The OF Blog: "Now Blacker Than Ever"

Tuesday, March 23, 2010

"Now Blacker Than Ever"

Or so the tag translates for this Dutch radio station's video clips advertising its jazz lineup.  I saw this posted yesterday on this international SF site that I frequent and was struck by the discussion that broke out...or perhaps, "broken down" would be a more apt description.  Knowing the handles of most of the people there and their countries of origin, it is fascinating to see how shared (or not) historical and cultural values have shaped such a discourse.

Virtually all of those who responded negatively so far to the question "Is this racist?" are Europeans (the original poster, from the Netherlands but with family in the US, being the one exception), while those who noted the possible racist interpretations (again, with one exception so far) are all from the United States.  Perhaps it's largely due to being made aware, via educational programs such as those devised for Black History Month (among quite a few possibilities), just how derogatory references to "black music" and especially to blackface (if you haven't clicked on the first link above to watch the clips, I highly suggest you do so) truly are for large segments of the American population.  Same reason why that racial slur, the now-infamous "N word," in spite of (or rather, in large part because of) its etymology referring to "blackness," is something that non-African American citizens of the United States more and more refrain from using; it's tacky at the very least and perceived as being deeply insulting at the worst, due to an increasing multi-cultural awareness and a shared understanding of the traumas of the American past.

But obviously the situation is much different in Europe.  I found the responses to be quite interesting, even if a couple came across as rather patronizing (but again, that could just be viewing things through different historical/cultural lens).  Just a little something for people to view and perhaps weigh in upon here.  What do you think?  How offensive (if it was offensive to you) was that radio ad?  How would it be viewed where you live?

6 comments:

Karen said...

Hi - I'm from Belgium! Well to be honest I see nothing wrong with this ad. But have to admit that when we receive visitors from our US office I sometimes freeze up when wanting to say anything related to black culture. I mean which word is appropriate to use? I obviously know that there's a sensitivity there and you don't want to say anything that's perceived as racist.

Martin said...

I can't watch the ads at the moment but the association with blackface is at the very least unfortunate. However, I don't see anything wrong with the tag itself (in fact, it made me think of Billy Paul).
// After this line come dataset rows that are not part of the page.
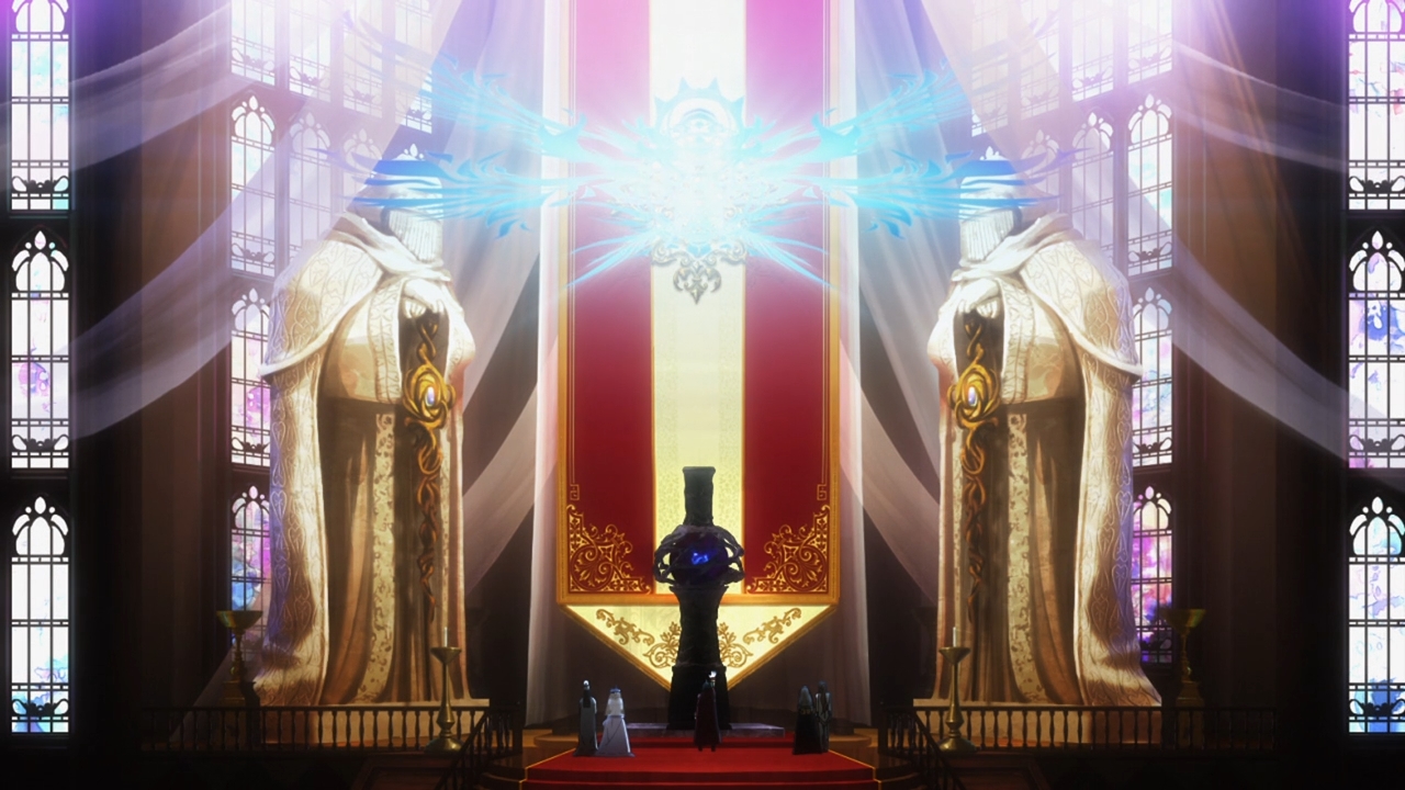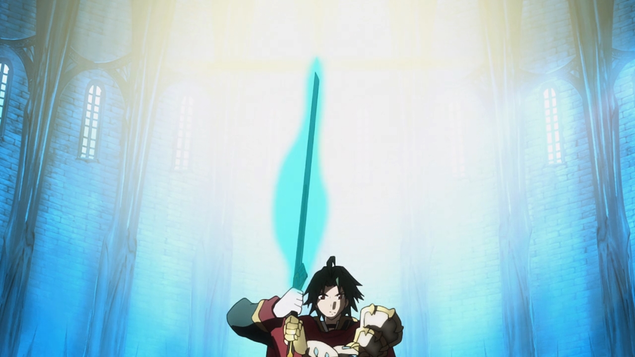 — To make a long story short — which is pretty much this adaptation’s downfall, but let’s just roll with it — Record of Grancrest War basically takes place on Earth. Civilization was whizbang awesome, but as always, foolish scientists had to develop some crazy “energy” that ended up wiping out the planet! Yeah, there are parallels to nuclear energy here, but hey, to our credit, we haven’t blown ourselves up yet! Anyways, the Age of Chaos is kind of like self-imposed stagnancy. If humanity constantly has to fend off demons and demonic monsters, then it can never rest long enough to develop awesome technology. And without awesome technology, it can never create a bomb that can blow itself up. Great. I just think it’s kinda stupid, though. First, this is all a bit unoriginal, but that’s not the part that bothers me the most. Second, all of the magic in this show seems pretty fucking impressive to me. Why do we draw the distinction between tech-based powers and magic-based powers? Can you really convince me that someone can’t one day create a magic spell strong enough to destroy the world? C’mon. Third, what’s… what’s with the whole God bullshit? And the Holy Grail? And demons. Technology is a double-edged sword, so we just pulled a bunch of supernatural shit out of our asses to combat it? What? There’s just so much about Record of Grancrest War that remains unexplained. And sure, I could read supplementary material, but I shouldn’t have to do that in order to understand the basic crux of the story’s central conflict.
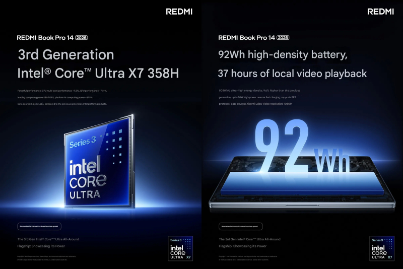 Компанія додає, що менший за розміром варіант Redmi Book Pro 2026 з процесором Panther Lake може працювати до 37 годин у режимі відтворення локального відео. Також підтверджена підтримка швидкої зарядки потужністю 90 Вт для моделі Redmi Book Pro 14 2026, але поки неясно, чи буде така ж потужність зарядки у 16-дюймовій версії.
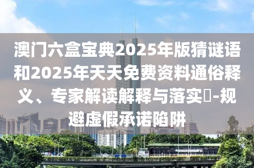 關(guān)于澳門六盒寶典2025年版猜謎語和2025年天天免費資料,以及規(guī)避虛假承諾陷阱的通俗釋義、專家解讀與落實
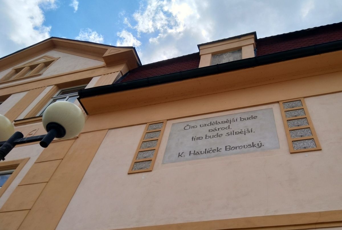 Sejdeme se pod okny bývalé obecné a občanské školy v Ledenicích. Původní budova byla z kapacitních důvodů několikrát rozšiřována, až v roce 1887 proběhla přístavba prvního patra. Během roku 1925 přibylo ještě další poschodí a celý objekt získal také novou pohlednou fasádu, na níž vyniká tento nápis:
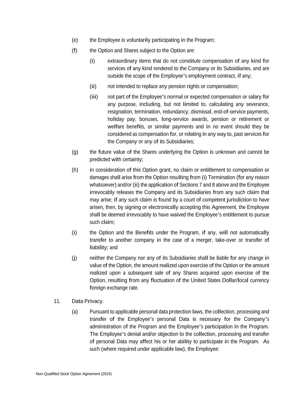 Non-Qualified Stock Option Agreement (2024) (e) the Employee is voluntarily participating in the Program; (f) the Option and Shares subject to the Option are: (i) extraordinary items that do not constitute compensation of any kind for services of any kind rendered to the Company or its Subsidiaries, and are outside the scope of the Employee’s employment contract, if any; (ii) not intended to replace any pension rights or compensation; (iii) not part of the Employee’s normal or expected compensation or salary for any purpose, including, but not limited to, calculating any severance, resignation, termination, redundancy, dismissal, end-of-service payments, holiday pay, bonuses, long-service awards, pension or retirement or welfare benefits, or similar payments and in no event should they be considered as compensation for, or relating in any way to, past services for the Company or any of its Subsidiaries; (g) the future value of the Shares underlying the Option is unknown and cannot be predicted with certainty; (h) in consideration of this Option grant, no claim or entitlement to compensation or damages shall arise from the Option resulting from (i) Termination (for any reason whatsoever) and/or (ii) the application of Sections 7 and 8 above and the Employee irrevocably releases the Company and its Subsidiaries from any such claim that may arise; if any such claim is found by a court of competent jurisdiction to have arisen, then, by signing or electronically accepting this Agreement, the Employee shall be deemed irrevocably to have waived the Employee’s entitlement to pursue such claim; (i) the Option and the Benefits under the Program, if any, will not automatically transfer to another company in the case of a merger, take-over or transfer of liability; and (j) neither the Company nor any of its Subsidiaries shall be liable for any change in value of the Option, the amount realized upon exercise of the Option or the amount realized upon a subsequent sale of any Shares acquired upon exercise of the Option, resulting from any fluctuation of the United States Dollar/local currency foreign exchange rate. 11. Data Privacy. (a) Pursuant to applicable personal data protection laws, the collection, processing and transfer of the Employee’s personal Data is necessary for the Company’s administration of the Program and the Employee’s participation in the Program. The Employee’s denial and/or objection to the collection, processing and transfer of personal Data may affect his or her ability to participate in the Program. As such (where required under applicable law), the Employee:
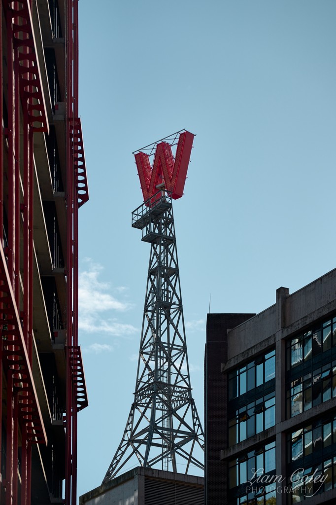 The iconic red 'W' atop Woodward's Building.
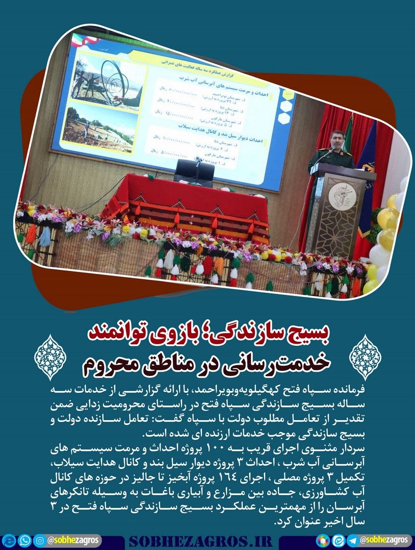 فرمانده سپاه فتح کهگیلویهوبویراحمد، با ارائه گزارشی از خدمات سه ساله بسیج سازندگی سپاه فتح در راستای محرومیت زدایی ضمن تقدیر از تعامل مطلوب دولت با سپاه گفت: تعامل سازنده دولت و بسیج سازندگی موجب خدمات ارزنده ای شده است(اینجا)
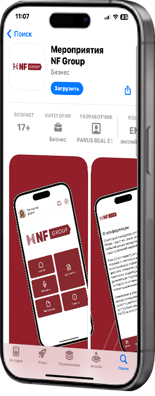 Для регистрации необходимо скачать приложение «Мероприятия NF Group».
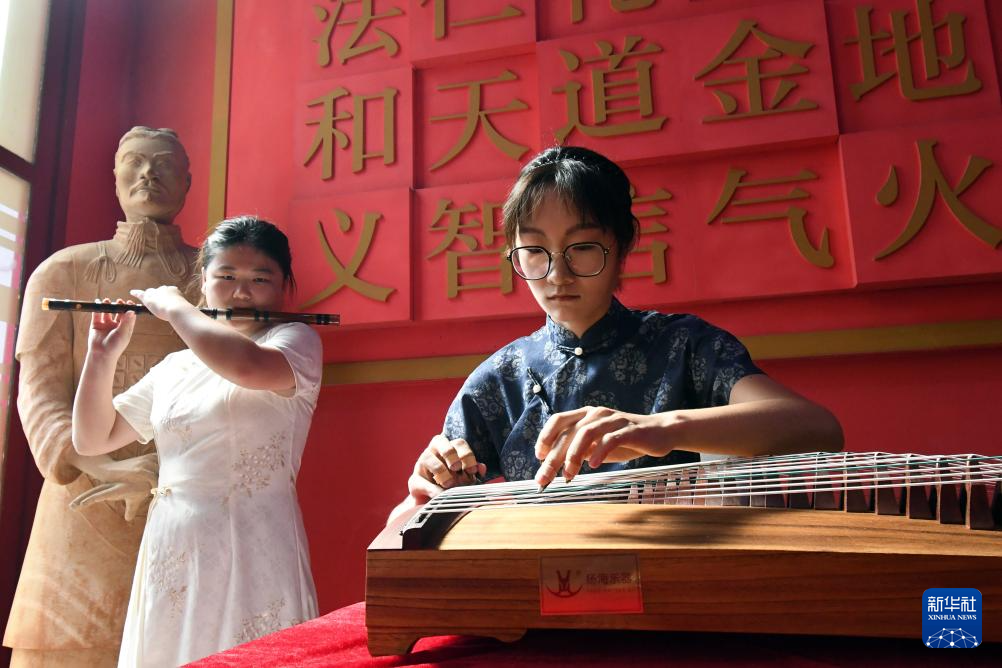 9月30日,在古巴首都哈瓦那,哈瓦那大学孔子学院的两名中国教师在“茶和天下·雅集”活动中演奏乐曲。
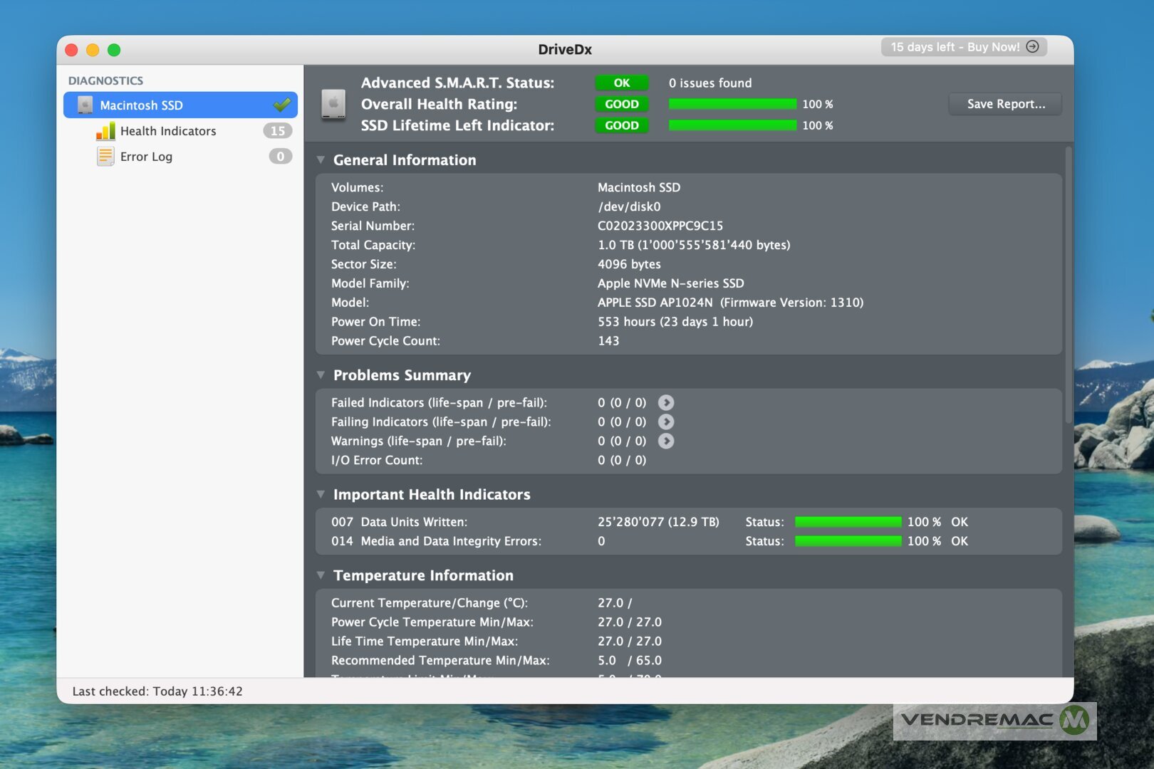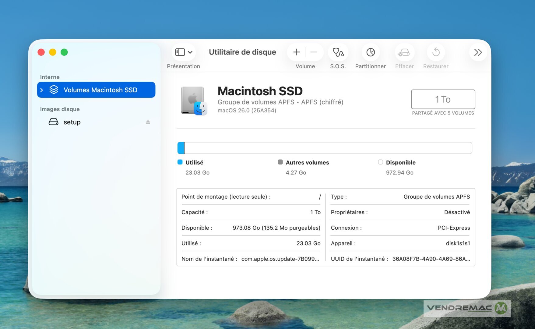 - 1 TB de stockage SSD, à 100% de santé et de vie utile, seulement 23 jours d'utilisation cumulée, vitesses jusqu'à 2500 MB/s.
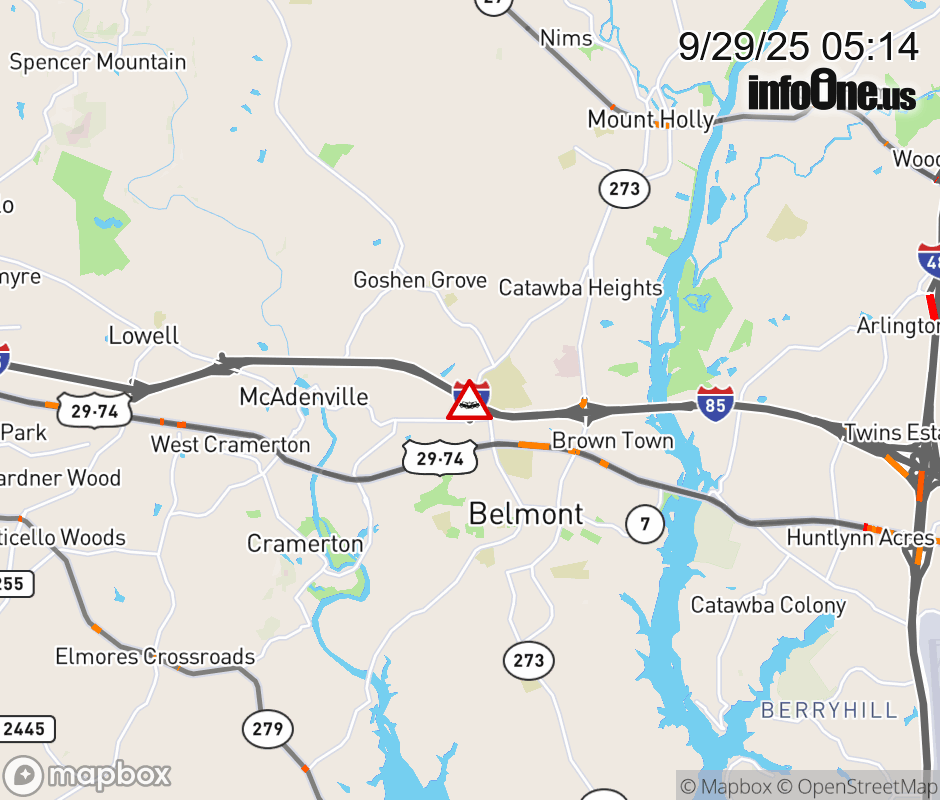 The left lane is closed at Exit 26 (NC 7/Belmont Mt Holly Rd). ![]() |

It is clearly meant to be positive and that is how I would view it.

It does seem to be a US/Europe split. For example, we have Black History Month in the UK as well but we also have the MOBO Awards, literally the Music of Black Origin Awards, designed to celebrate black music.

Jeff said...

American here. I think the spirit of the ad is not offensive, if anything, it's pointing out that jazz is deeply rooted in black history. However, at the very best, it's ill-thought and unfortunate. Given the history of blackface, yeah, the ad plays as offensive in the U.S.

Larry said...

Karen,

That's a tricky issue even for natives such as myself. I'd use "African American" in referring to culture or groups, while "black" can sometimes be appropriate for talking about individuals.

Martin,

Yeah, it's unfortunate indeed. I believe most would view it and think it was meant to be positive, but sometimes the roads to Hell are paved with good intentions, no? As for the MOBO awards, things are so intertwined in the US now that it's hard to place an ethnic label on any music, well at least to do so without any pejoratives being implied. Just another cultural difference, no?

Jeff,

I agree. I think the term "black music" is merely antiquated by itself, but the blackface is so associated here with minstrel shows and Sambo and Steppin Fetchit that it's near impossible for it not to conjure negative imagery here.

Derrick said...

Larry-so what do you call a group of black people in africa-african ethiopian, african chadite? African american is a term to denote a VERY specific group. To use it for anyone who is black is rascist and even worse, shows a complete lack of understanding of our world.

American here. I think the whole race thing has become overblown in regards to words and has taken on a political life of its own that has nothing to do with the goals of those who started the racial equality movement.

Larry said...

Derrick,

I use either their national or ethnic group. Dinka, Igbo, etc. Just like I say for part of my ancestry, I say Cherokee.

Not going to deny that there's some overblown rhetoric that's taken place, though.